• [Task directions] Take the entries below and print, exactly, the stretch from the line containing "Сначала нужно подсоединить" through the line containing "上衣有4色可选,白色、蓝色、粉紫色、藏青色。", both included.
━━━ Extracted entries
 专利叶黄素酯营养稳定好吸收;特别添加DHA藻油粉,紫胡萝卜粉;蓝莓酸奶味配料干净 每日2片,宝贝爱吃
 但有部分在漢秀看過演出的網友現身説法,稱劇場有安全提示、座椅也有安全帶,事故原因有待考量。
━━━━━━
━━━ Extracted entries
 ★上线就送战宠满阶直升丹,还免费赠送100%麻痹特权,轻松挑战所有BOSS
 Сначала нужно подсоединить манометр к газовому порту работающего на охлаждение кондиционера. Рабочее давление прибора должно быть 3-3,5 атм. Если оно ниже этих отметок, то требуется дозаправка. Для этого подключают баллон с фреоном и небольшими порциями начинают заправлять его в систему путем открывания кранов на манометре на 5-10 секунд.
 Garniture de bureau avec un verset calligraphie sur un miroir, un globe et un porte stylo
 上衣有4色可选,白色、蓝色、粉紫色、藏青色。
━━━━━━
━━━ Extracted entries
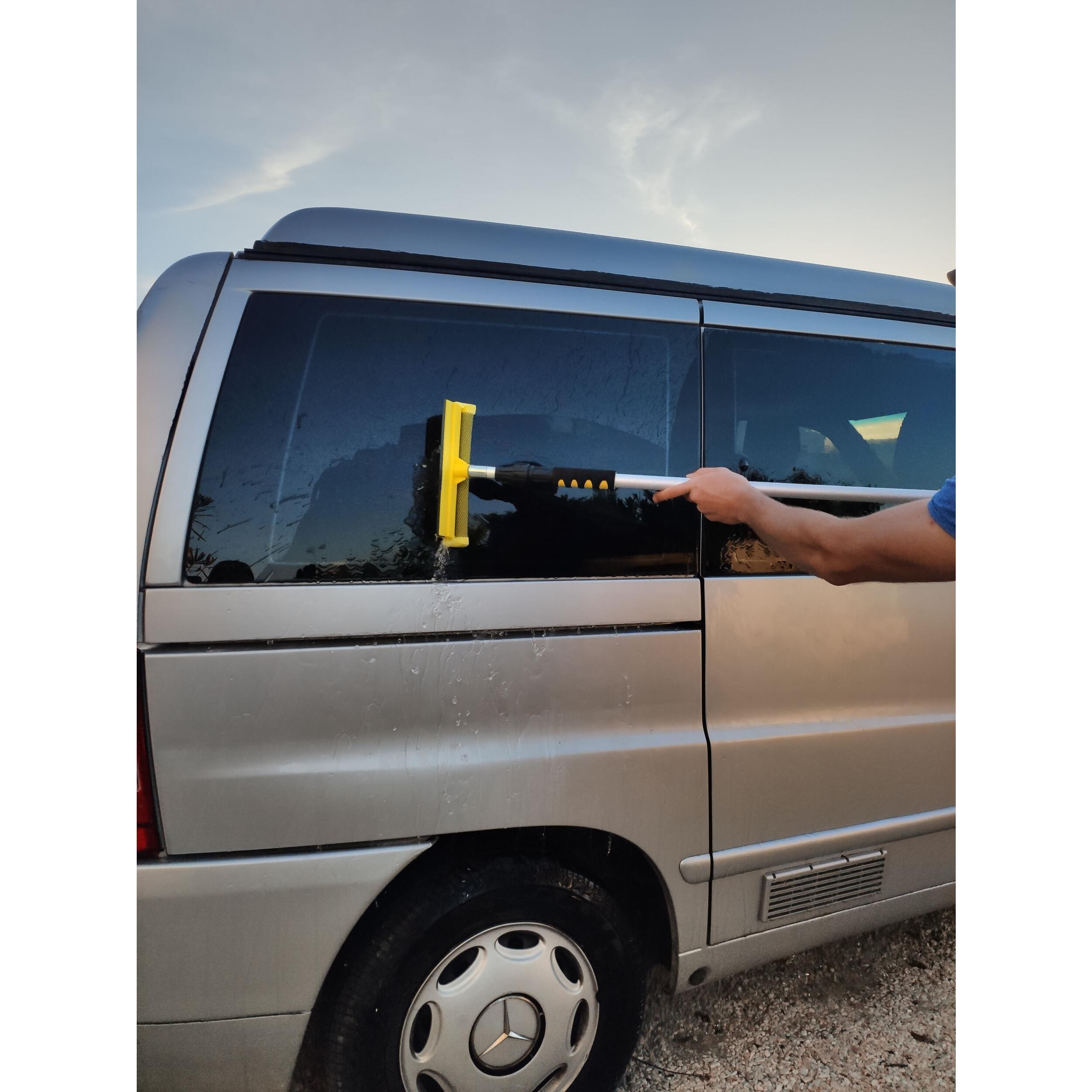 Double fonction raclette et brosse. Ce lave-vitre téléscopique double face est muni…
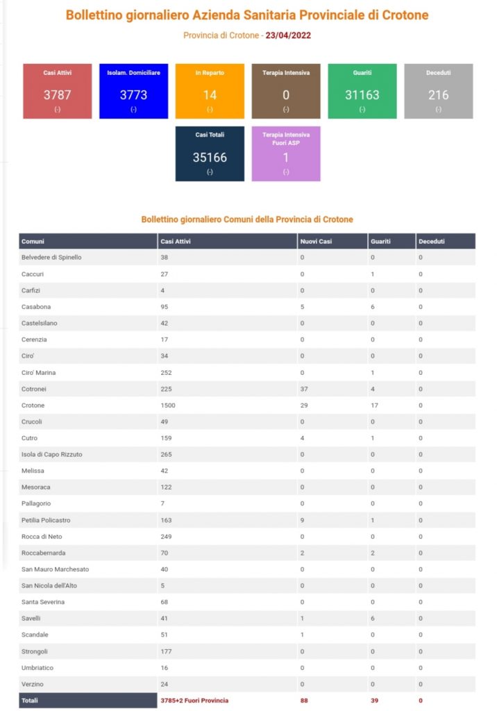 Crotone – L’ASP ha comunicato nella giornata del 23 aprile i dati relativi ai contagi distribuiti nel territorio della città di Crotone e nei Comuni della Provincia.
━━━━━━
• [Answer to the problem]
 Сначала нужно подсоединить манометр к газовому порту работающего на охлаждение кондиционера. Рабочее давление прибора должно быть 3-3,5 атм. Если оно ниже этих отметок, то требуется дозаправка. Для этого подключают баллон с фреоном и небольшими порциями начинают заправлять его в систему путем открывания кранов на манометре на 5-10 секунд.
 Garniture de bureau avec un verset calligraphie sur un miroir, un globe et un porte stylo
 上衣有4色可选,白色、蓝色、粉紫色、藏青色。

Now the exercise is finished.